Copy out exactly the lines spanning the line with "A boot jack, sometimes" to the line with "This t-shirt depicts", inclusive, from the data underneath, with no pictures.

■ **Entries shown**
▽

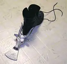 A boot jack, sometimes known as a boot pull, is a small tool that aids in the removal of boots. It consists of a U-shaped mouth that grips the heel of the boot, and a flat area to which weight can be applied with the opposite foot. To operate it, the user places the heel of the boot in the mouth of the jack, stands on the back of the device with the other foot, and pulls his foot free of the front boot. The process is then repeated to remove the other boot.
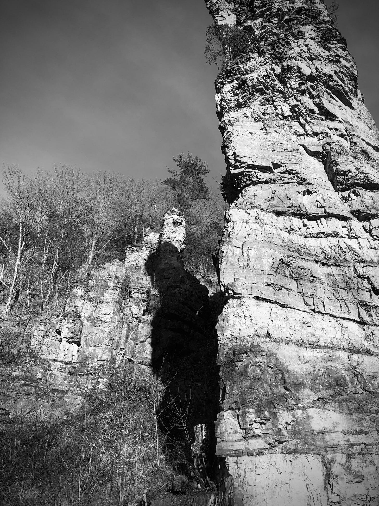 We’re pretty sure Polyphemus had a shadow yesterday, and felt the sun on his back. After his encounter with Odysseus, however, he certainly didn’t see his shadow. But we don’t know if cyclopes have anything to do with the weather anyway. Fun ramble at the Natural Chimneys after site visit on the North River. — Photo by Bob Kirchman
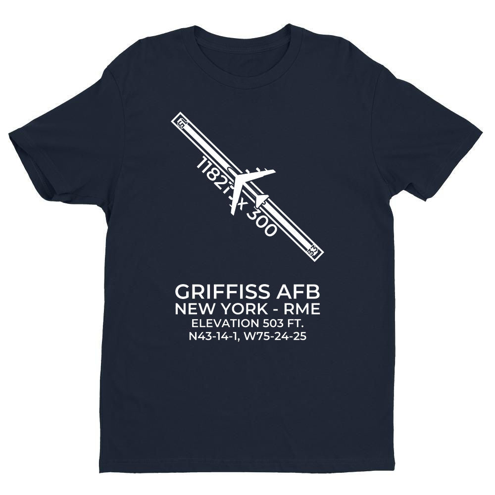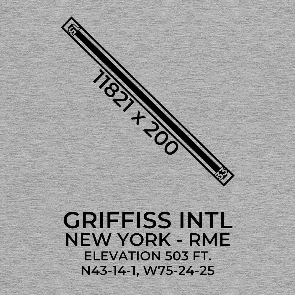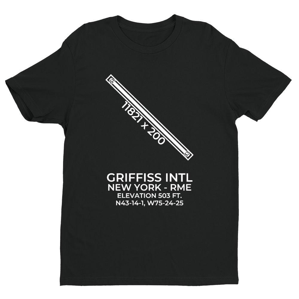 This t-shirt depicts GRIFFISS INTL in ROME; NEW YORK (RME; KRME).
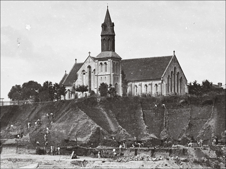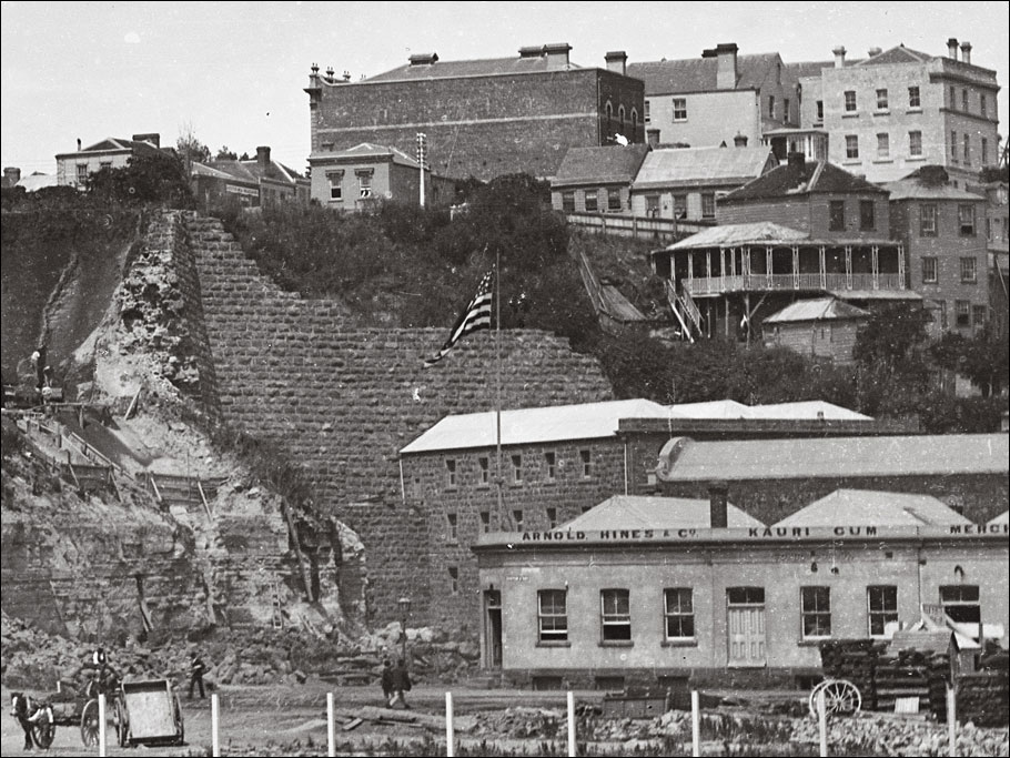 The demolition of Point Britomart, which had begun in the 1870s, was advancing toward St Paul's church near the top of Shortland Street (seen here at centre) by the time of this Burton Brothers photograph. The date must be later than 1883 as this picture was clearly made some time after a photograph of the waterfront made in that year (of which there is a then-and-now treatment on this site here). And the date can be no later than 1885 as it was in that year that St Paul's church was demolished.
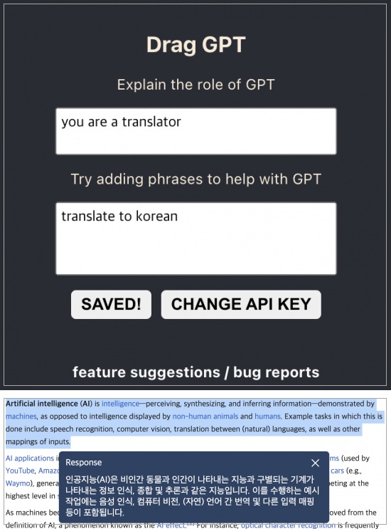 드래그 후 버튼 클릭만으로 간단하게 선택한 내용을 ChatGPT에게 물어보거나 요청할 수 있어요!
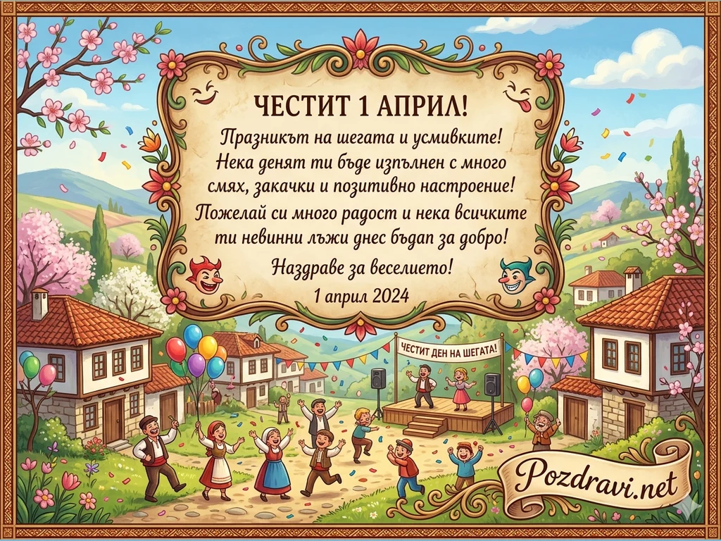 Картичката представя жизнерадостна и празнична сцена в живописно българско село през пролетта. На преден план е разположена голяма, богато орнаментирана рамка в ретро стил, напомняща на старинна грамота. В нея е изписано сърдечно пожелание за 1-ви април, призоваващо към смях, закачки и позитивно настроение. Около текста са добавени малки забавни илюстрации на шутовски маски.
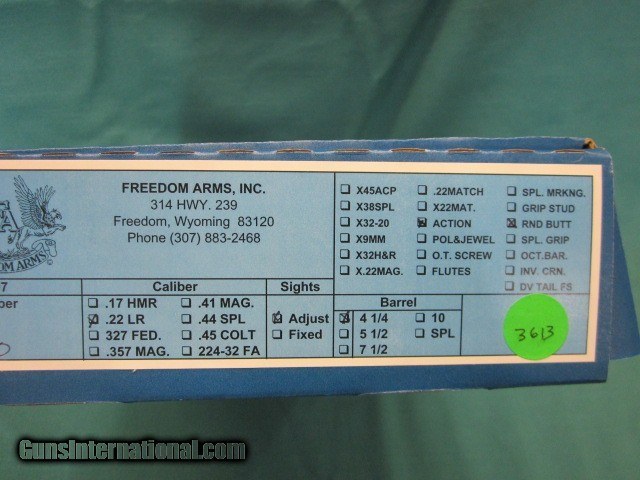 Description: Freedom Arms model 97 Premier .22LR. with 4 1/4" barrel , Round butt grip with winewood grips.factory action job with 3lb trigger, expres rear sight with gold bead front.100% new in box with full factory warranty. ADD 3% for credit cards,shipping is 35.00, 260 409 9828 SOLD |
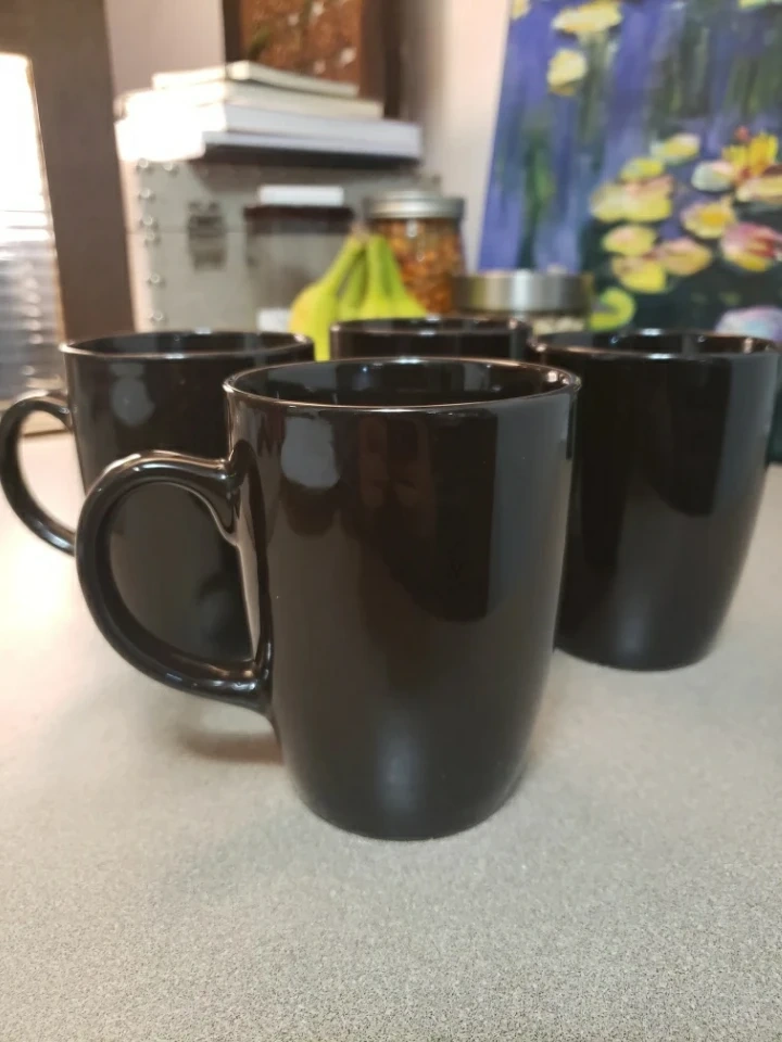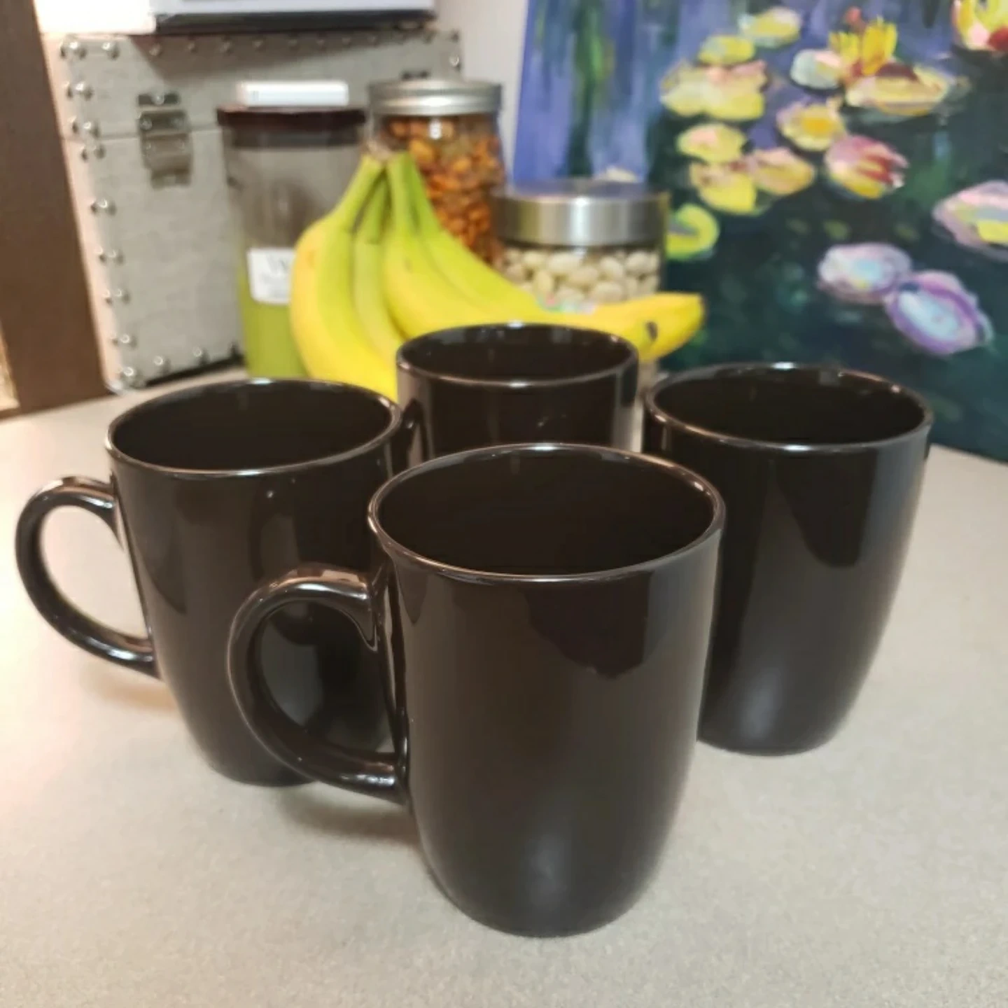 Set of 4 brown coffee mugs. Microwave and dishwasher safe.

△
▽

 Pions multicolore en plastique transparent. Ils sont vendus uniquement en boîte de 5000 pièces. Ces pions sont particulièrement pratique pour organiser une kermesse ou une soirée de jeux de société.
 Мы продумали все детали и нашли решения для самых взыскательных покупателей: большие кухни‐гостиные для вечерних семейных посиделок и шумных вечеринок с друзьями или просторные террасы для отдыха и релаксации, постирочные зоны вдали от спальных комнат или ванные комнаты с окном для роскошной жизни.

△
▽

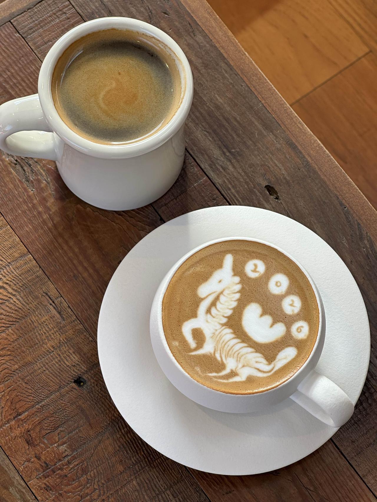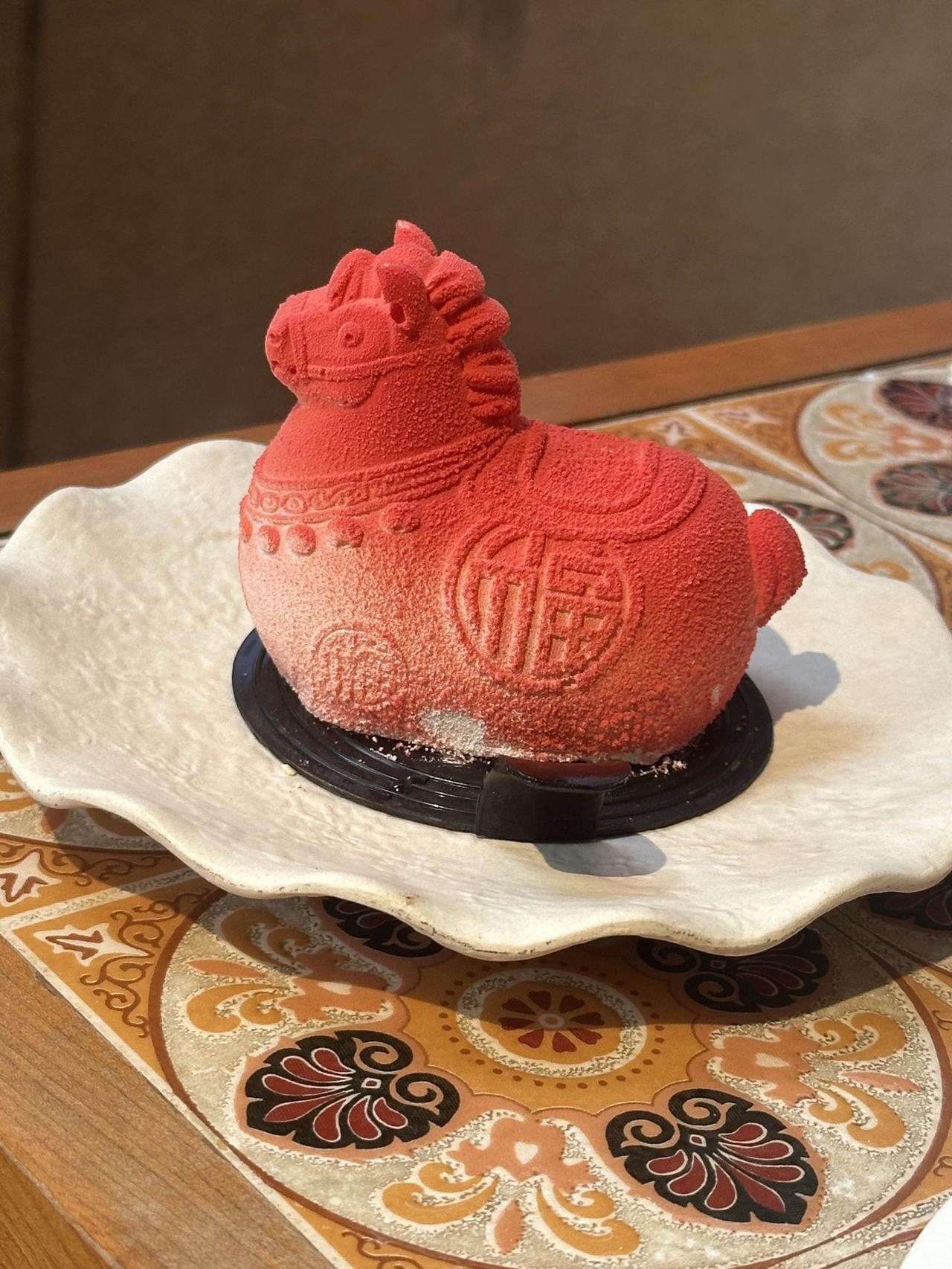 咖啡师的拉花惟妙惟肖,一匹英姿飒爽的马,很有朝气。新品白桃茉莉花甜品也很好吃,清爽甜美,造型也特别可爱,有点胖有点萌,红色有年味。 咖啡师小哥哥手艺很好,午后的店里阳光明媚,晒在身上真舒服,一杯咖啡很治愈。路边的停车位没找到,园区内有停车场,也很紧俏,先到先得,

△

■ **Result**
 A boot jack, sometimes known as a boot pull, is a small tool that aids in the removal of boots. It consists of a U-shaped mouth that grips the heel of the boot, and a flat area to which weight can be applied with the opposite foot. To operate it, the user places the heel of the boot in the mouth of the jack, stands on the back of the device with the other foot, and pulls his foot free of the front boot. The process is then repeated to remove the other boot.
 We’re pretty sure Polyphemus had a shadow yesterday, and felt the sun on his back. After his encounter with Odysseus, however, he certainly didn’t see his shadow. But we don’t know if cyclopes have anything to do with the weather anyway. Fun ramble at the Natural Chimneys after site visit on the North River. — Photo by Bob Kirchman
 This t-shirt depicts GRIFFISS INTL in ROME; NEW YORK (RME; KRME).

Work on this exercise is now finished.